Opened on Jan 29, 2012 at 7:47:10 PM
Closed on Sep 4, 2012 at 8:18:03 AM
#2117 closed Feature Request (Completed)
Improved _FileCountLines()
| Reported by: | Spiff59 | Owned by: | guinness |
|---|---|---|---|
| Milestone: | 3.3.9.5 | Component: | Standard UDFs |
| Version: | Severity: | None | |
| Keywords: | Cc: |
Description
The following version of _FileCountLines() is 60-70% faster than the production 3.3.8.0 version. It's MAIN improvement is that it uses roughly half the memory of the current version, enabling it to scan larger files and making it less susceptible to a memory allocation error.
Additionally, the helpfile does not document the existing @error = 2 condition, which is returned when scanning a 0-byte file.
Test script included. Remove the (extra) leading underslash on the function name if you intend to place it in production.
Thanks
#include <File.au3> $timer = TimerInit() ;$Lines = _FileCountLines(@ScriptDir & "\DataFile3.txt") $timer = TimerDiff($timer) / 1000 $timer2 = TimerInit() $Lines2 = __FileCountLines(@ScriptDir & "\DataFile3.txt") $timer2 = TimerDiff($timer2) / 1000 ;MsgBox(0,"", $Lines & " lines" & @CRLF & $timer & " seconds" & @CRLF & $Lines2 & " lines" & @CRLF & $timer2 & " seconds" ) Func __FileCountLines($sFilePath) Local $hFile = FileOpen($sFilePath, $FO_READ) If $hFile = -1 Then Return SetError(1, 0, 0) Local $sFileContent = StringStripWS(FileRead($hFile), 2) FileClose($hFile) StringRegExpReplace($sFileContent, "\n", "") ; terminated with linefeed terminated If Not @extended Then StringRegExpReplace($sFileContent, "\r", "") ; terminated with carriage return If Not @extended Then If StringLen($sFileContent) Then Return 1 ; single-line file Else Return SetError(2, 0, 0) ; empty file EndIf EndIf Return @extended EndFunc ;==>_FileCountLines
Attachments (0)
Change History (7)
comment:2 by , on Jan 29, 2012 at 8:06:23 PM
Poop on me! I tested without all the frills in the production version (edits, error handling, etc). When I added all the fluff after testing, I should have re-tested. The SRER version of this does not require the StringStripWS call, in fact it cuases the function to report 1 less line than exist in the file. The StringStripSW() sneeds to be removed.

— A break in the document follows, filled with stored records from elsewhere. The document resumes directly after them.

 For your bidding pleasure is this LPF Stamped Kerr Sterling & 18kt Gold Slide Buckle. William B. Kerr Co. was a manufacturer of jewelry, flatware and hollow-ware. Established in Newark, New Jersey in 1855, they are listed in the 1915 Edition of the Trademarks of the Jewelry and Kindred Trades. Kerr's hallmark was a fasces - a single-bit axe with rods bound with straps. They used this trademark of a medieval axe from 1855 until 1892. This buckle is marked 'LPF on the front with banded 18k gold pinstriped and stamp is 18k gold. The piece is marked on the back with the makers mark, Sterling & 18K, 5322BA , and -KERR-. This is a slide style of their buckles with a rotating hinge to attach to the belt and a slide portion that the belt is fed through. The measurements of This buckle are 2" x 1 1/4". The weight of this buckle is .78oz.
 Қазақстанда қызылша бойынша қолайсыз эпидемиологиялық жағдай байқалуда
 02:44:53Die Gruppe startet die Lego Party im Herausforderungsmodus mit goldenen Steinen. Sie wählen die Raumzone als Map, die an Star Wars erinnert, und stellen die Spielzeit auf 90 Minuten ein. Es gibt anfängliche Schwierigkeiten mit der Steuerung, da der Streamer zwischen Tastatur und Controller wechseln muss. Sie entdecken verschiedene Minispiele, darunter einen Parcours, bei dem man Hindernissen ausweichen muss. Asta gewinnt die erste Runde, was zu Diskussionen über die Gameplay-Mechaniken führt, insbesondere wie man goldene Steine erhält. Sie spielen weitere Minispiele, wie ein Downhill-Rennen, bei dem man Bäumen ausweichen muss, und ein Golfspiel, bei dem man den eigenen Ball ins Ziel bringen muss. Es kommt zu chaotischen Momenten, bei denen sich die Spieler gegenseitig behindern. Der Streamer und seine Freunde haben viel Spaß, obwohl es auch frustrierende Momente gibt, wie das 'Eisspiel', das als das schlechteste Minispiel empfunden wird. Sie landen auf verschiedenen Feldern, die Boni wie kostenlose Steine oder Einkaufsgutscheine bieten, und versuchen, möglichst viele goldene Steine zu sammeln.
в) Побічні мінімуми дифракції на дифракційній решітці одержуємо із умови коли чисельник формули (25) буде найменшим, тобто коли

This SRER version also does not suffer from the problem reported in tracker #1831.
It correctly reads beyond a line containing a NUL, and processes the test file from that ticket correctly.
comment:3 by , on Jan 29, 2012 at 8:50:51 PM
I guess this could have been a "Bug" rather than "Feature request".
Further testing shows the existing function rarely reports the same number of lines as a file opened any editor (Notepad, SciTE, etc) as it strips all trailing whitespace.
An extra test is required to properly handle EOF.
This is my final, fully-tested (really!) version...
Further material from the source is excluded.